Alternative energy proponent visits Chicago

Pickens says the country needs a new energy plan to help move away from a reliance on foreign oil. And Pickens says politicians in Washington have been dropping the ball on energy for the last 40 years.

He's a billionaire oilman who lectures like a homespun college professor. Some suggest he's a bit of a nutty professor, but T. Boone Pickens insists that he is not crazy, and is "the only person in America with an energy plan." More than a million people nationwide agree. They've signed up to push the Pickens plan.

"You look at every candidate - Republican or Democrat from Nixon forward - everyone of them said, 'Elect me and you'll be energy independent.' Wrong - none of them even addressed the problem," Pickens said.

T. Boone Pickens warned his Chicago "town hall" audience Tuesday that if we don't come up with an energy plan, ten years out we'll be paying $300 a barrel for foreign oil, and the country won't survive.

"It's big. The idea I'm going to give you is very big," Pickens said.

His plan is essentially this - wind power. Populate the Great Plains of the U.S. from Canada to Mexico with wind turbines. Private funding, maybe up to a trillion dollars, puts the turbines up. The government plays a role in setting up the distribution system.

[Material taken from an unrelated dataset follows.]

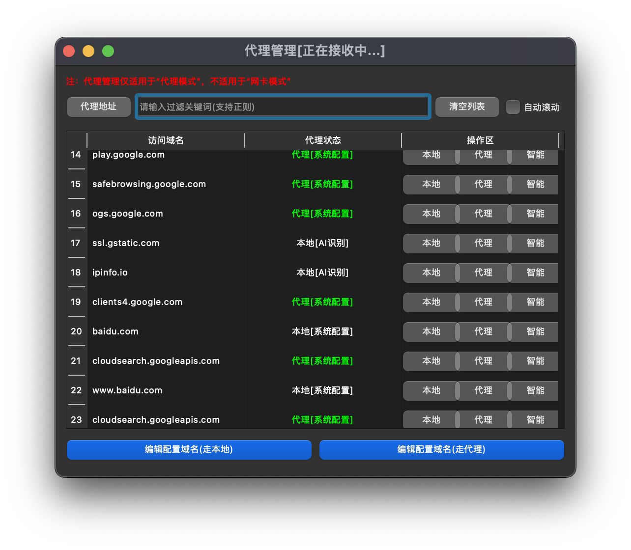 域名 默认智能AI代理 ,但也可以根据您的喜好,是否代理该域名

Second, start the move to making cars and trucks that run on natural gas, which is cheaper, cleaner and more abundant. The two together, Pickens says, drops our foreign oil dependence by more than a third.

His critics say Pickens is short on details, but he says, "I'm the only person with a plan."

What about the candidates? Well, McCain's plan for more nuclear reactors is fine, Pickens said, but, "He'll be 110 when we get those reactors, and I'll be 120."

And Obama's plan for a million plug-in hybrid cars is fine, but there's 250 million cars in the U.S.

"There's a pause, and he said, 'One million wouldn't be that many,' and I said, 'No, it would not,'" Pickens said.

Pickens has his own money in both wind and natural gas but insists his desire is not for profit but to make a better America and force the next president and Congress to do what their predecessors have not.

"They're either gonna take this plan or have a plan. But we can't let them escape with no plan," said Pickens.

Pickens laments the recent stock market chaos from a personal standpoint because it cost him a lot of money, and also because it's turned attention away from his energy plan with Election Day approaching.

Still, he's gratified that more than a million people have signed onto his idea which, he says, makes it more than just a plan pushed by a rich guy from Texas.